Treasury Board President Anita Anand is asking Parliament to approve an extra $8.9 billion in spending in the current fiscal year, which ends March 31.
Most of it is for extra costs associated with finance charges, providing health care for Indigenous children, and for military projects at home and abroad, according to the latest supplementary spending estimates from the federal government.
The single biggest item the government needs more money for is an extra $3.2 billion to service the national debt.
But the Department of Indigenous Services also needs nearly $2 billion more than it planned at the beginning of the fiscal year, much of that for programs to improve health-care services for Indigenous children.
The Department of National Defence is asking Parliament to approve $1.9 billion to boost both its capital and operating budget, including money destined for military projects in Latvia and Ukraine.
Some of those funds will also be used for new costs associated with the acquisition of new reconnaissance aircraft and new airborne tanker transports for the Air Force.
The extra funds should push the government’s overall spending for the 2023-24 fiscal year to $496.6 billion. That would represent an increase of $13.5 billion, or 2.8 per cent, versus the previous fiscal year.
The new spending requests, known formally as the Supplementary Estimates (C), 2023-2024 were tabled Feb. 15 in the House of Commons.
These estimates are the final request for new spending in the current fiscal year.

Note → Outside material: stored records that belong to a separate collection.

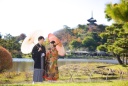 秋を感じさせる美しい紅葉と三溪園の大池をバックにおふたりポージング。しっとり美しい絵になる一枚です。
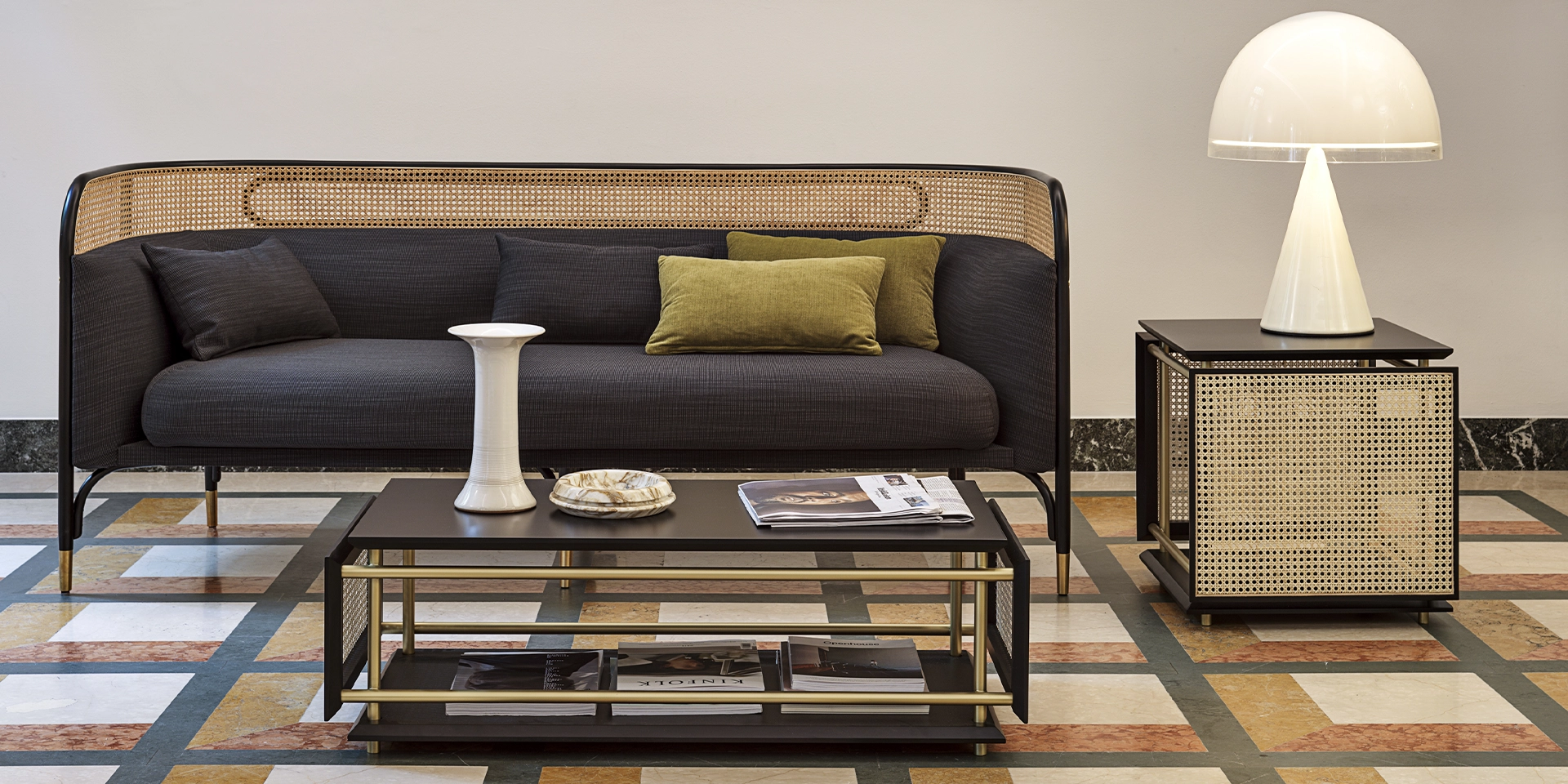 Segno identificativo di Gebrüder Thonet Vienna GmbH, la paglia di Vienna in un raffinato equilibrio compositivo con il legno e il metallo, è l’elemento caratterizzante del progetto dei tavolini WIENER BOX di Cristian Mohaded. Proposta d’arredo dal registro progettuale rigoroso, ispirato dalle linee pure ed essenziali della leggera struttura in metallo, una scatola sospesa i cui confini sono definiti dai pannelli laterali in paglia di Vienna con cornici in legno come i piani laccati.
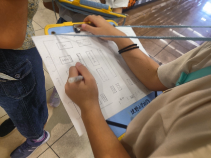子どもたちは、タブレットやたんけんボードを持って売り場を一生懸命調べて「お店の売り方のヒミツ」をたくさん見つけることができました。

Various parliamentary committees will now study the different requests for new funding before all MPs will vote on them.
The votes on spending requests, which have not yet been scheduled, are, by tradition, matters of confidence. In recent years, they’ve also occasionally been the subject of overnight marathon votes forced by the opposition. So long as the supply-and-confidence agreement holds between the minority Liberal government and the 25-member NDP caucus, those votes should pass the House.